§ SUPPLIED DATA
══════════════════════════════

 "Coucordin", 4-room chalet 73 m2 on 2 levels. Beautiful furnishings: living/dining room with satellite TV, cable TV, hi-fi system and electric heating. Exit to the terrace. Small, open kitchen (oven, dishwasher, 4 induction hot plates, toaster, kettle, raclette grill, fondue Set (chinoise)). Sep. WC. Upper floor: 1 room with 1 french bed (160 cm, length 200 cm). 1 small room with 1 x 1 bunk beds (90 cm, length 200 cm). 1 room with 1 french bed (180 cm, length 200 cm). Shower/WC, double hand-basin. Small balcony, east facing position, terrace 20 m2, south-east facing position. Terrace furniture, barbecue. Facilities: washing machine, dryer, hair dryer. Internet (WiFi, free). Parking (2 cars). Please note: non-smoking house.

══════════════════════════════

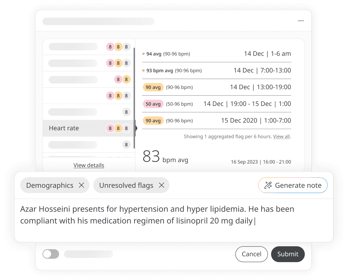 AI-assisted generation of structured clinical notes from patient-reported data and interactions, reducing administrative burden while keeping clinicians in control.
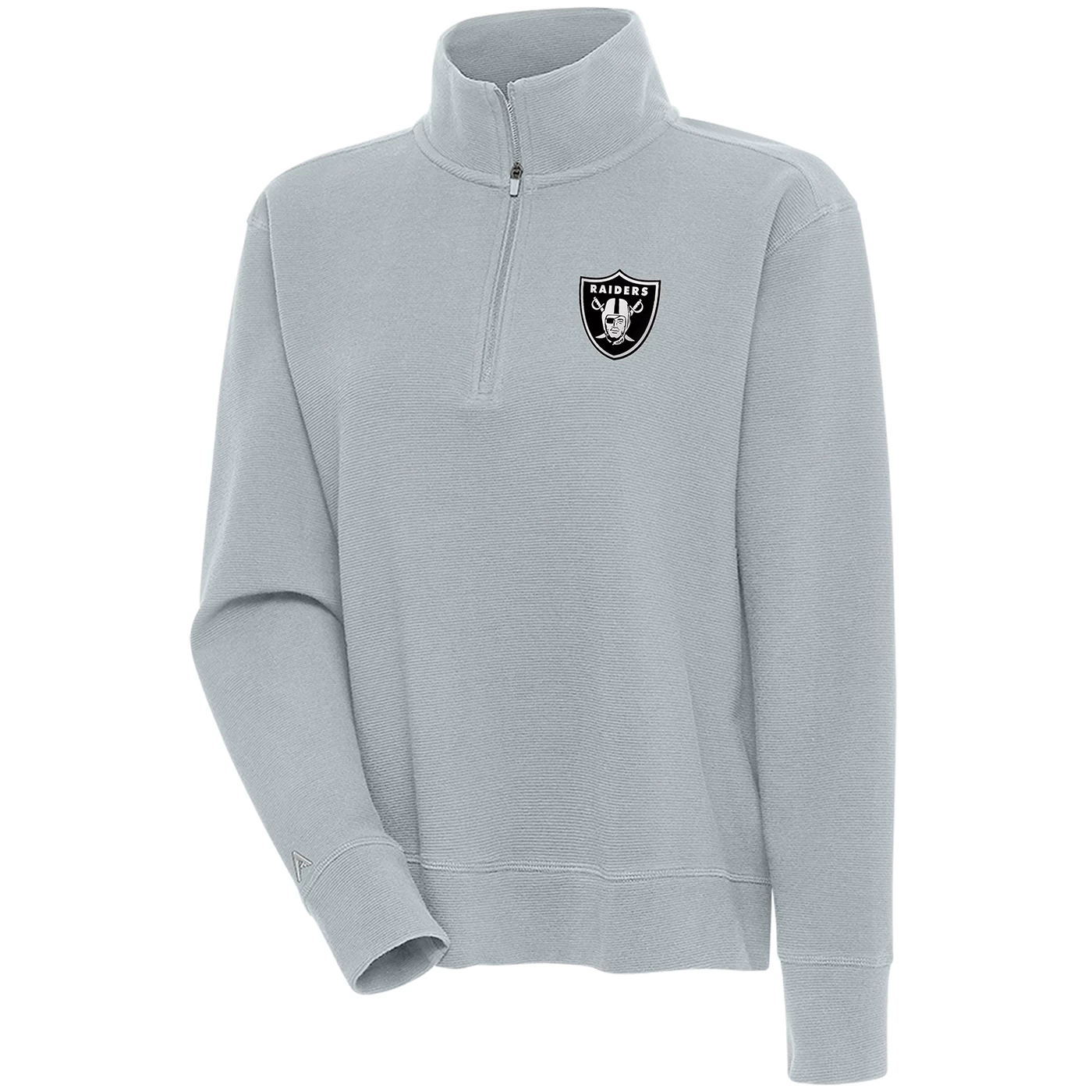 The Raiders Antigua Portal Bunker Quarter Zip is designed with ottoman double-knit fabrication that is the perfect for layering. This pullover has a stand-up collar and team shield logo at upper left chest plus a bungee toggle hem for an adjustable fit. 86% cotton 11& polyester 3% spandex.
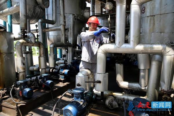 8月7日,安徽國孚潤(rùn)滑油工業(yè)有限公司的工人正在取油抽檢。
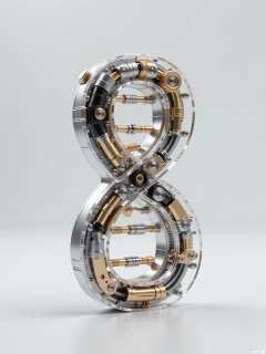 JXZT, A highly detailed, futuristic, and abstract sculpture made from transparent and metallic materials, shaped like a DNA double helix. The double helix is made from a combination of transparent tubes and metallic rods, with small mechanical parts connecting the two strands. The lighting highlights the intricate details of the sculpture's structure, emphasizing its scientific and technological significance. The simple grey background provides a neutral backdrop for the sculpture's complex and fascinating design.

══════════════════════════════

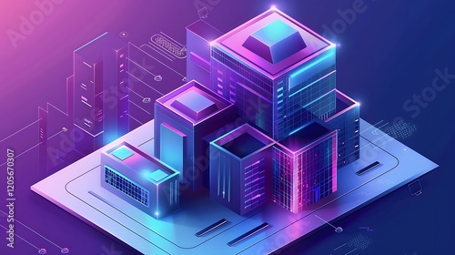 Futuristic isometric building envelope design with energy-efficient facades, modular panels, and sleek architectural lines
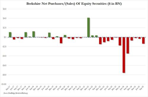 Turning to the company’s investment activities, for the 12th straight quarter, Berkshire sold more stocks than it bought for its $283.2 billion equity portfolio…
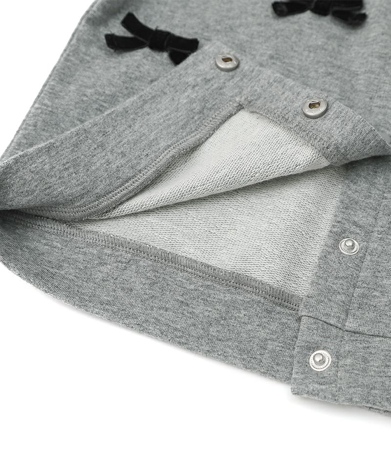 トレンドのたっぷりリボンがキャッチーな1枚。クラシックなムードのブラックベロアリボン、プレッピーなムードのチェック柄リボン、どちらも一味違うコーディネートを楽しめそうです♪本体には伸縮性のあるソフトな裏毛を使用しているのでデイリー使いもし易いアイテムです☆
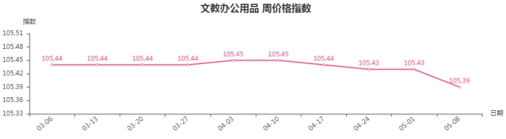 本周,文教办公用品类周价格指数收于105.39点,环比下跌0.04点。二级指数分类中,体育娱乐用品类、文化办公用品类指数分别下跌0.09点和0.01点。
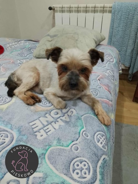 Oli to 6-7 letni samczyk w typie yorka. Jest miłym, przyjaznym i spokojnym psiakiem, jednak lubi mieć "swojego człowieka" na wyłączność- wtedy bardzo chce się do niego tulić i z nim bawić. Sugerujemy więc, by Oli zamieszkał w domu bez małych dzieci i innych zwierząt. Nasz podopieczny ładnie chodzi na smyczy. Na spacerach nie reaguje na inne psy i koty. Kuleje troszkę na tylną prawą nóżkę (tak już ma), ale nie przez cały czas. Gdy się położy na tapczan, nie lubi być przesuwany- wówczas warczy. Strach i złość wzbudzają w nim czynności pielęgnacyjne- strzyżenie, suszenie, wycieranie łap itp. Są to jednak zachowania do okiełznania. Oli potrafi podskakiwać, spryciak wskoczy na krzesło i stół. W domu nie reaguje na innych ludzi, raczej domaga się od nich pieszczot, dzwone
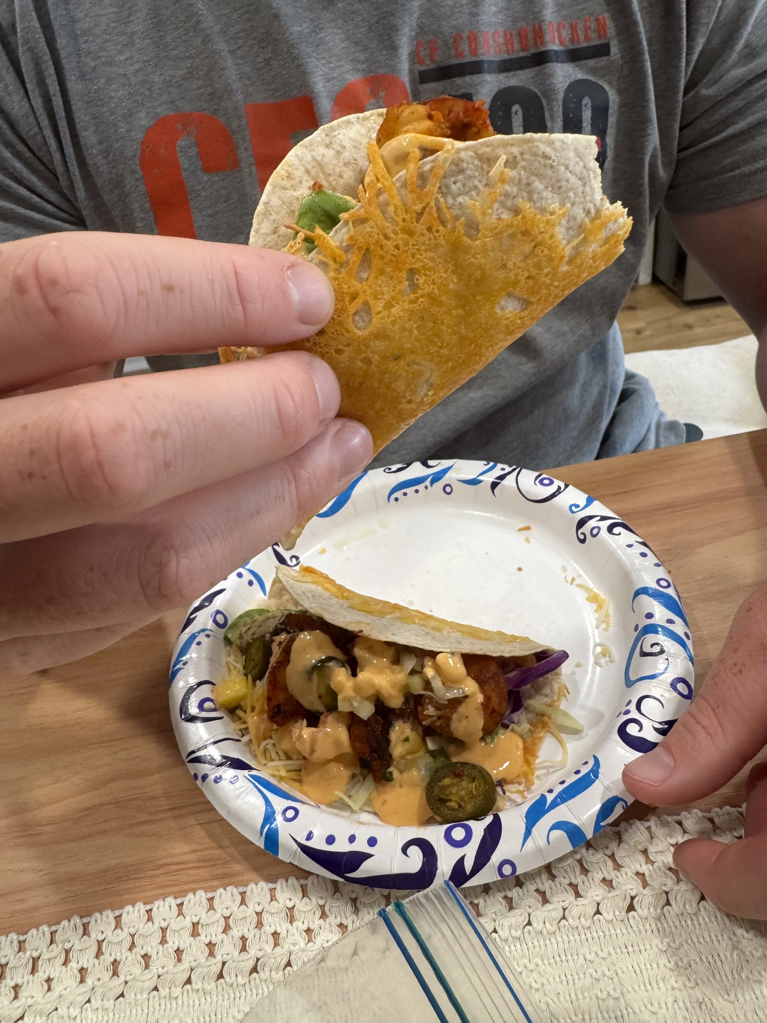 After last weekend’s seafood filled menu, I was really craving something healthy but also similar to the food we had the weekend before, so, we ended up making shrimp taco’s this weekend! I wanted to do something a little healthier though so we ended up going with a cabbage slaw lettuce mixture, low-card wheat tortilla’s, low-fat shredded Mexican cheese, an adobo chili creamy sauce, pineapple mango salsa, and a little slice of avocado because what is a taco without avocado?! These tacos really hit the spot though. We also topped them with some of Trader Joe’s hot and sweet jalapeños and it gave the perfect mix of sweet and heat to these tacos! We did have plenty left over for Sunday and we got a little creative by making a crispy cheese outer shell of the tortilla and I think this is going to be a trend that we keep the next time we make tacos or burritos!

══════════════════════════════

§ YOUR GOAL
Above are some records; extract exactly the lines from the one containing "AI-assisted generation of" through the one containing "The Raiders Antigua" and drop the pictures.

§ RESPONSE TO THIS TASK
 AI-assisted generation of structured clinical notes from patient-reported data and interactions, reducing administrative burden while keeping clinicians in control.
 The Raiders Antigua Portal Bunker Quarter Zip is designed with ottoman double-knit fabrication that is the perfect for layering. This pullover has a stand-up collar and team shield logo at upper left chest plus a bungee toggle hem for an adjustable fit. 86% cotton 11& polyester 3% spandex.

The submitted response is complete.